<<<<

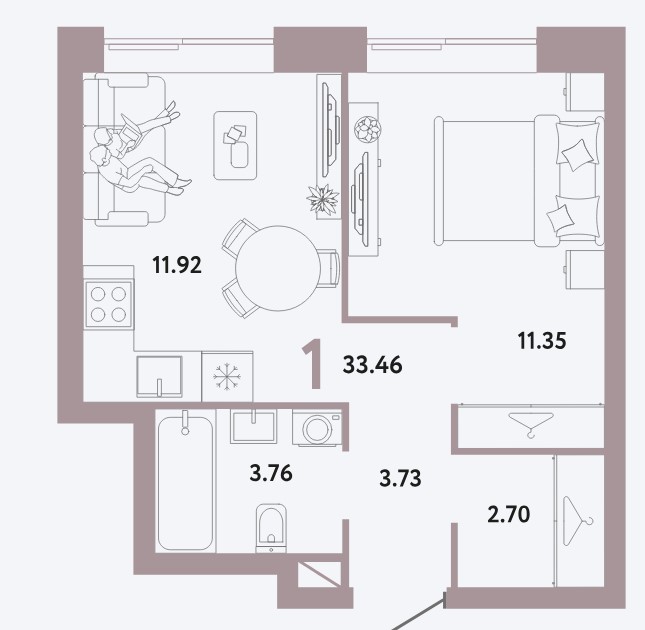 1-комн · 33 м² · 2 эт.
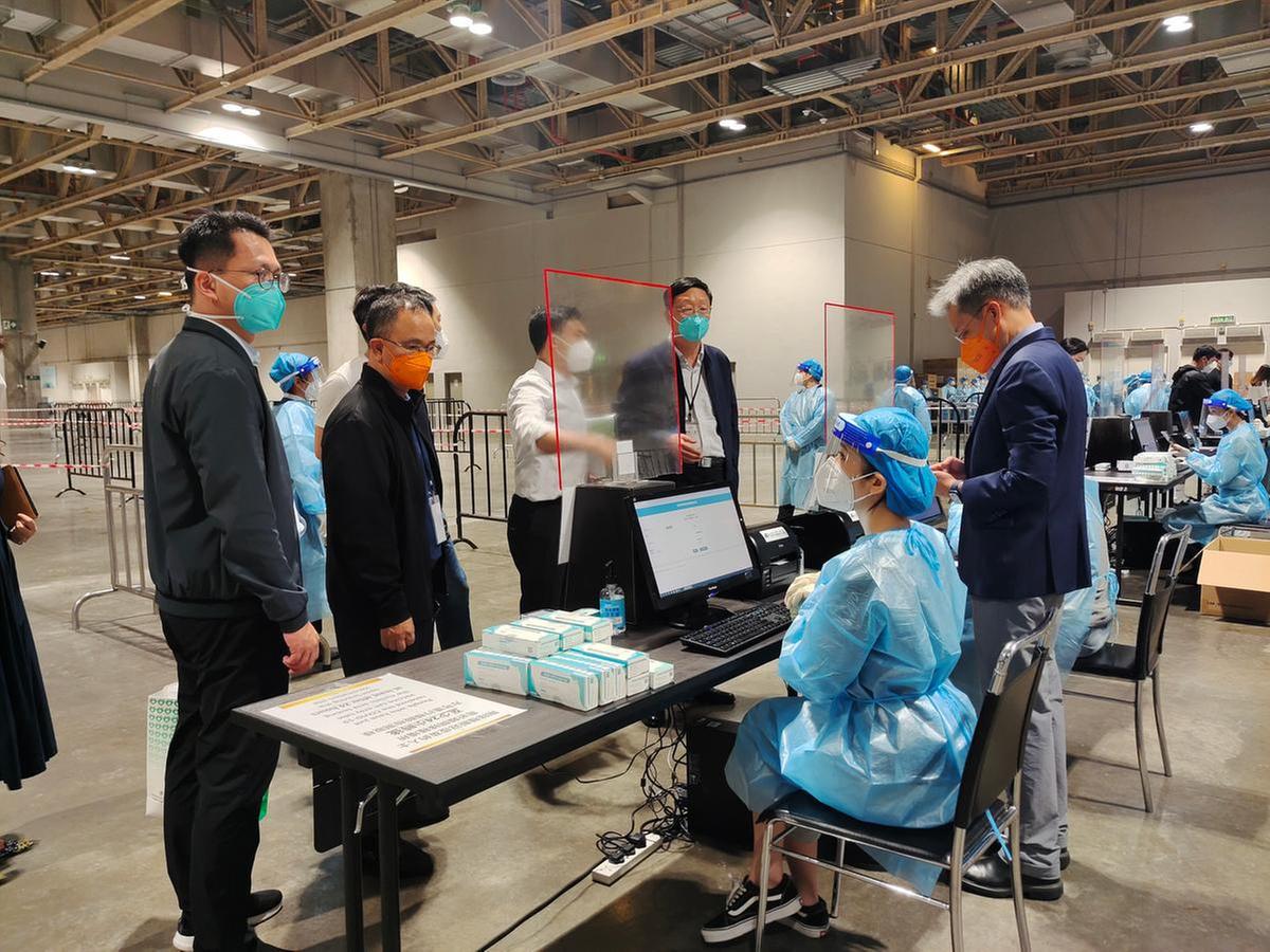 由珠海市中西医结合医院、珠海市口腔医院等援澳核酸采样队负责的澳门威尼斯人ABC馆是澳门最大的核酸采样点,也是此轮流程优化的“发源地”之一。7月5日,珠海援澳抗疫前线对接协调指挥部办公室副主任、珠海市卫生健康局副局长柴宏亮与澳门特区政府卫生局副局长郭昌宇、澳门特区政府教育及青年发展局副局长黄嘉祺来到威尼斯人ABC馆现场办公,双方通过数据分析,决定借鉴“珠海模式”并结合澳门实际,在所有的大规模核酸采样点开展采样流程优化,从而提高采样效率。
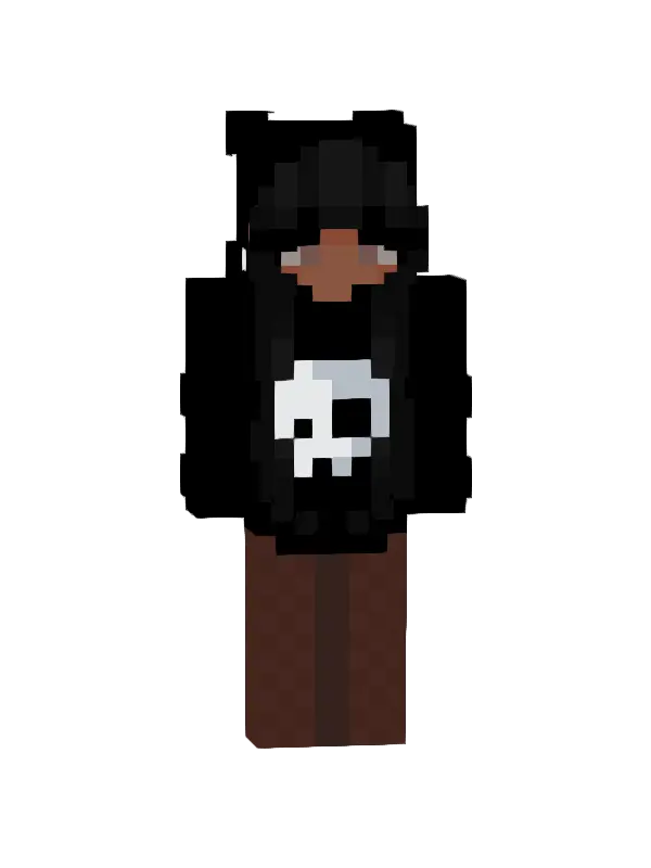 Skin Minecraft z tajemniczą postacią w czarnej bluzie z czaszką, krótkich spodniach i skarpetach w paski. Idealny dla fanów mrocznych klimatów!
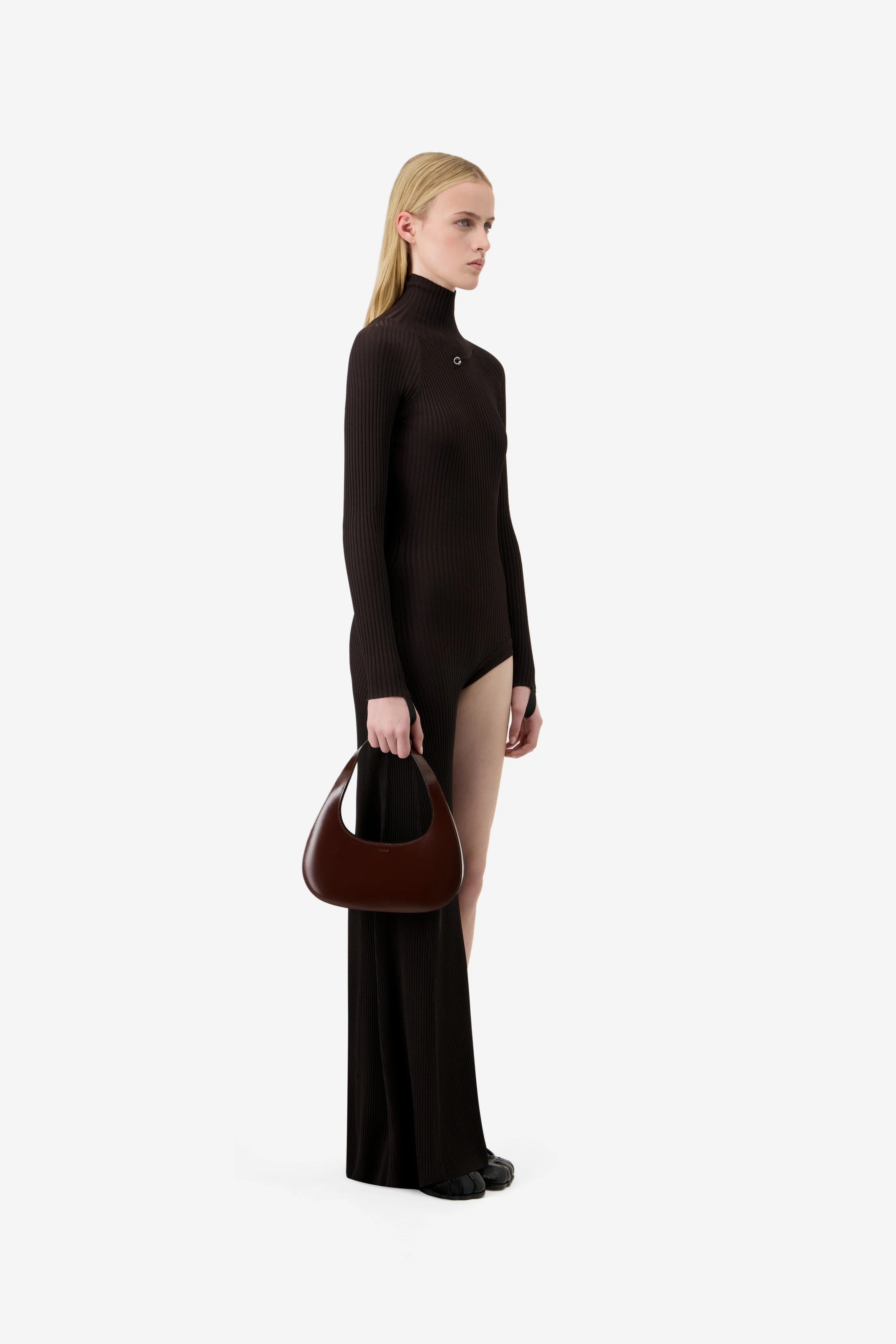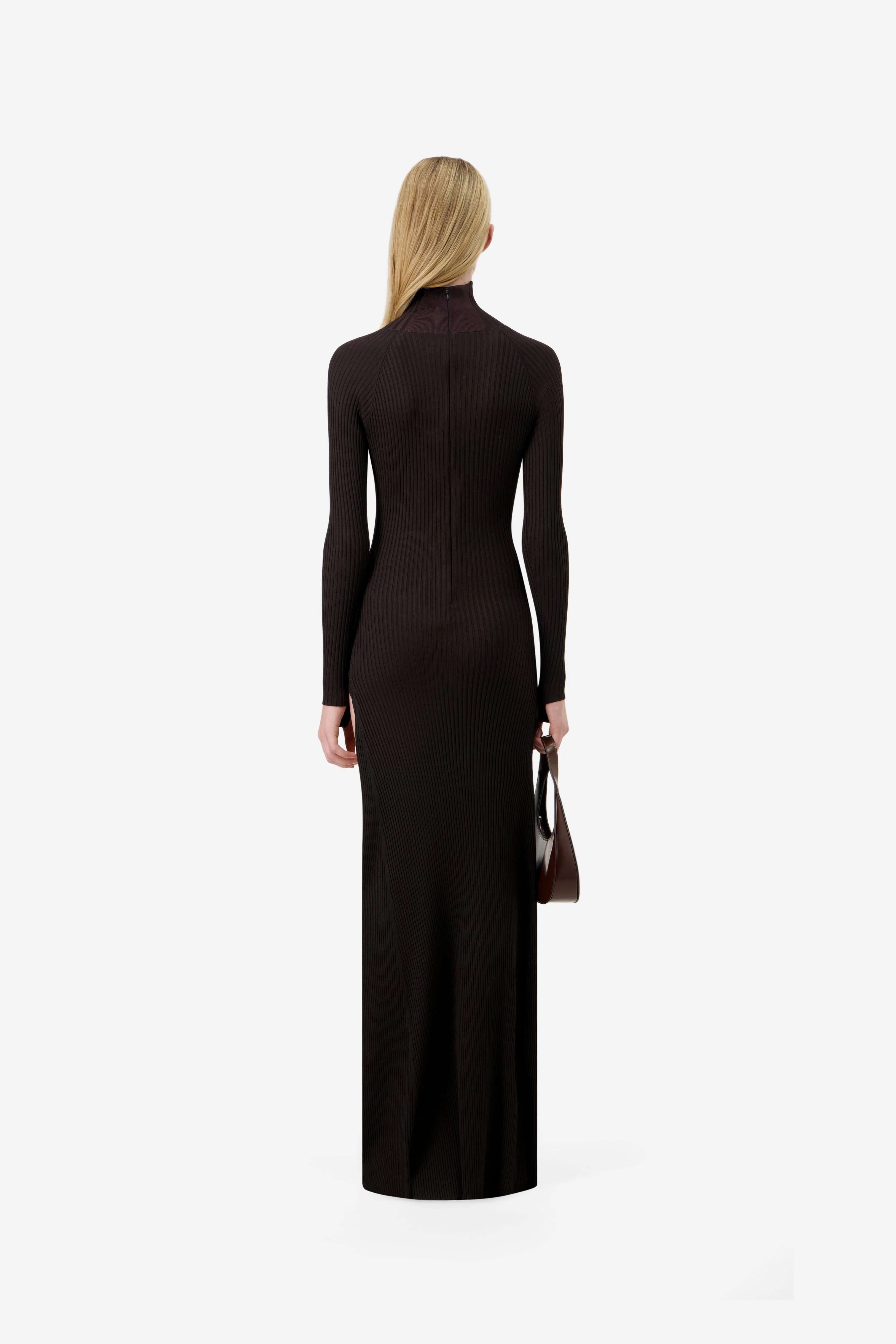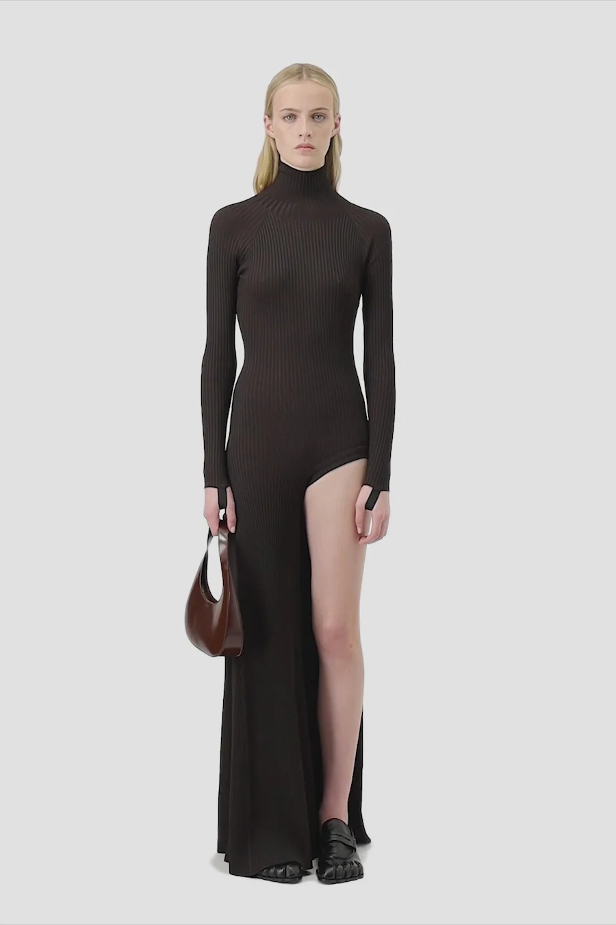 Long brown Leg Cut-Out dress by Coperni in viscose with a high neck, long sleeves, cut-out detail on the leg, ribbed weave and straight hem.

>>>>

● What you should do
Take the lines from the one that contains "由珠海市中西医结合医院、珠海" through the last line of the material above and reproduce them exactly, leaving out any pictures.

● Answer box
 由珠海市中西医结合医院、珠海市口腔医院等援澳核酸采样队负责的澳门威尼斯人ABC馆是澳门最大的核酸采样点,也是此轮流程优化的“发源地”之一。7月5日,珠海援澳抗疫前线对接协调指挥部办公室副主任、珠海市卫生健康局副局长柴宏亮与澳门特区政府卫生局副局长郭昌宇、澳门特区政府教育及青年发展局副局长黄嘉祺来到威尼斯人ABC馆现场办公,双方通过数据分析,决定借鉴“珠海模式”并结合澳门实际,在所有的大规模核酸采样点开展采样流程优化,从而提高采样效率。
 Skin Minecraft z tajemniczą postacią w czarnej bluzie z czaszką, krótkich spodniach i skarpetach w paski. Idealny dla fanów mrocznych klimatów!
 Long brown Leg Cut-Out dress by Coperni in viscose with a high neck, long sleeves, cut-out detail on the leg, ribbed weave and straight hem.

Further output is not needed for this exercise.